The New Black Cinema emerged out of specific economic and social conditions that African Americans were enduring in the nation’s decaying urban centers. They depicted what their writers and directors felt were the difficult realities in Black America. From the mid-1980s onward, the rise of cheap guns and crack cocaine contributed to an increase in violence in the nation’s inner cities. Filmmakers of the New Black Cinema depicted this harrowing situation, including Singleton in Boyz in the Hood; Bill Duke in Deep Cover (1992); Mario Van Peebles in New Jack City (1991); Lee in Jungle Fever (1991) and Clockers (1995); Ernest Dickerson in Juice (1992); the Hughes Brothers in Menace to Society (1993); and Matty Rich in Straight out of Brooklyn (1991).
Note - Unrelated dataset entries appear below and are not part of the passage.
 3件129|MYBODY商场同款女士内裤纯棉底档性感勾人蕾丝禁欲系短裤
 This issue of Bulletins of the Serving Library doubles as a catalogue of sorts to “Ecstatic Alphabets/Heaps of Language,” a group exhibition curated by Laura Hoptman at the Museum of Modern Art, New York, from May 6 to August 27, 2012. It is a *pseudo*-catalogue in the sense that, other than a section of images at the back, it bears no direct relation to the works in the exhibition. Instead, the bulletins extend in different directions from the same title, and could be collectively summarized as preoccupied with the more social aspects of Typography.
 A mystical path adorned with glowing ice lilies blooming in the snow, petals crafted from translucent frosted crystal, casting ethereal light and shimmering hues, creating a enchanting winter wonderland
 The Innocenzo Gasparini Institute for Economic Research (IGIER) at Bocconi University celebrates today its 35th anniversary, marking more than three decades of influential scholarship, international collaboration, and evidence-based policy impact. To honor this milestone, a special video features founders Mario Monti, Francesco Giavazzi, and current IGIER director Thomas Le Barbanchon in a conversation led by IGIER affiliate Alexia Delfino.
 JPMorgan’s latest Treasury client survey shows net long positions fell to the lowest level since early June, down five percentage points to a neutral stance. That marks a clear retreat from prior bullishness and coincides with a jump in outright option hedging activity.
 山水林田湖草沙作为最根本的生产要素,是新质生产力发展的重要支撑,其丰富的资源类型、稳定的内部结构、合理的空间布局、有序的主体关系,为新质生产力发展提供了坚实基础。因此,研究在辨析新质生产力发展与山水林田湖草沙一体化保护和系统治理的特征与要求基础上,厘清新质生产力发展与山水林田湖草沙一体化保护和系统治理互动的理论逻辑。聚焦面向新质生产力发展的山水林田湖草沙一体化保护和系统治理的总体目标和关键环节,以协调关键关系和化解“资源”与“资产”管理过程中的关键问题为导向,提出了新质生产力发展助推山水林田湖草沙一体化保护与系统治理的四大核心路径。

Boyz n the Hood was a watershed moment

Ice Cube, Cuba Gooding, Jr., and Morris Chestnut in Boyz n the Hood (1991)
Ice Cube, Cuba Gooding, Jr., and Morris Chestnut in Boyz n the Hood (1991) Columbia

The most visible and successful Hood film was Boyz in the Hood. Released in the summer of 1991 and directed by 23-year-old USC film school graduate Singleton, Boyz in the Hood is a rite-of-passage narrative about three teenage friends — Tre, Ricky, and Doughboy—who grow up together in a poor neighborhood in South Central Los Angeles and struggle with marginalization, gang violence, and racism. Though some exhibitors considered pulling the film when violence and shootings broke out at its premiere in several theaters, Columbia Pictures stood behind Boyz in the Hood and it became an enormous financial success, grossing $57 million at the domestic box office on a budget of around $7 million.
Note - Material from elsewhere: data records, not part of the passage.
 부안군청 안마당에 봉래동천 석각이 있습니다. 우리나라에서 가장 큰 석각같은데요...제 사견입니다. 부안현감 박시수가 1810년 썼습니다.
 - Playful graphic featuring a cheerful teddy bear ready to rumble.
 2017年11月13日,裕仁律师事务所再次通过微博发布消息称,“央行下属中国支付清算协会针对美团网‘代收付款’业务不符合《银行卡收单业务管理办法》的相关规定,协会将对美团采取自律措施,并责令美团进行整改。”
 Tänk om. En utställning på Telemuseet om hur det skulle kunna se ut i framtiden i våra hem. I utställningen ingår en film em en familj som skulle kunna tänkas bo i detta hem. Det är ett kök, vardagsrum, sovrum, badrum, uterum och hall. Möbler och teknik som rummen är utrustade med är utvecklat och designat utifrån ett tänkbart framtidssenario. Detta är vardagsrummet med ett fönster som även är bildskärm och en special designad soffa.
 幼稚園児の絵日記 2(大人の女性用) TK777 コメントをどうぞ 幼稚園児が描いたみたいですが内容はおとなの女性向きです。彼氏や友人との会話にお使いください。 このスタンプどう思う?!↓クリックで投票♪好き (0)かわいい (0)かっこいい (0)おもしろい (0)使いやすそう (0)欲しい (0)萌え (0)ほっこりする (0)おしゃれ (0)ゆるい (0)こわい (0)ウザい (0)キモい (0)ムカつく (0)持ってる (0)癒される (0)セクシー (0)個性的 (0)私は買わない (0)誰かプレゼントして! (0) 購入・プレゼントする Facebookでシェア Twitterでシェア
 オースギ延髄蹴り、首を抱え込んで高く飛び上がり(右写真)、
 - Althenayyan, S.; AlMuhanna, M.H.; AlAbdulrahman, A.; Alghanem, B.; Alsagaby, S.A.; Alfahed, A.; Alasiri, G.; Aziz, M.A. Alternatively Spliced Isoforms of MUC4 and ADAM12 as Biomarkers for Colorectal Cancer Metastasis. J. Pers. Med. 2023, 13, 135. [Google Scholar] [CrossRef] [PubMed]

Many of the nation’s foremost film critics praised the film and Singleton became the first Black director (as well as the youngest director ever) to be nominated for a Best Director Oscar. Singleton used his newfound status to make different kinds of Black stories, including the romantic drama Poetic Justice (1993), starring Tupac Shakur and Janet Jackson, and the university-set Higher Learning (1995). Sadly, Singleton died in 2019 at the age of 51, surely depriving us of more of his urgent and thoughtful work.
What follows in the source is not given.